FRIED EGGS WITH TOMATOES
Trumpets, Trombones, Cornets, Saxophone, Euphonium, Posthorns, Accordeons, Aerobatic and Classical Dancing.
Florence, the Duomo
==
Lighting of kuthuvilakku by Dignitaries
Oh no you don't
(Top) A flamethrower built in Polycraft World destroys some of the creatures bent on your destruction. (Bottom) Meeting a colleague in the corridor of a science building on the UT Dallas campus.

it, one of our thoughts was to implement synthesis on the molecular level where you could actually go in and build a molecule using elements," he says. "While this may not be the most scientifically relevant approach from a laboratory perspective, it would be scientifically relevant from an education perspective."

• **WORK REQUEST**:
Transcribe the lines above between the line holding "FRIED EGGS WITH TOMATOES" and the line holding "Florence, the Duomo", inclusive, exactly as they stand and with nothing added.

• **ANSWER FOR THIS EXERCISE**:
FRIED EGGS WITH TOMATOES
Trumpets, Trombones, Cornets, Saxophone, Euphonium, Posthorns, Accordeons, Aerobatic and Classical Dancing.
Florence, the Duomo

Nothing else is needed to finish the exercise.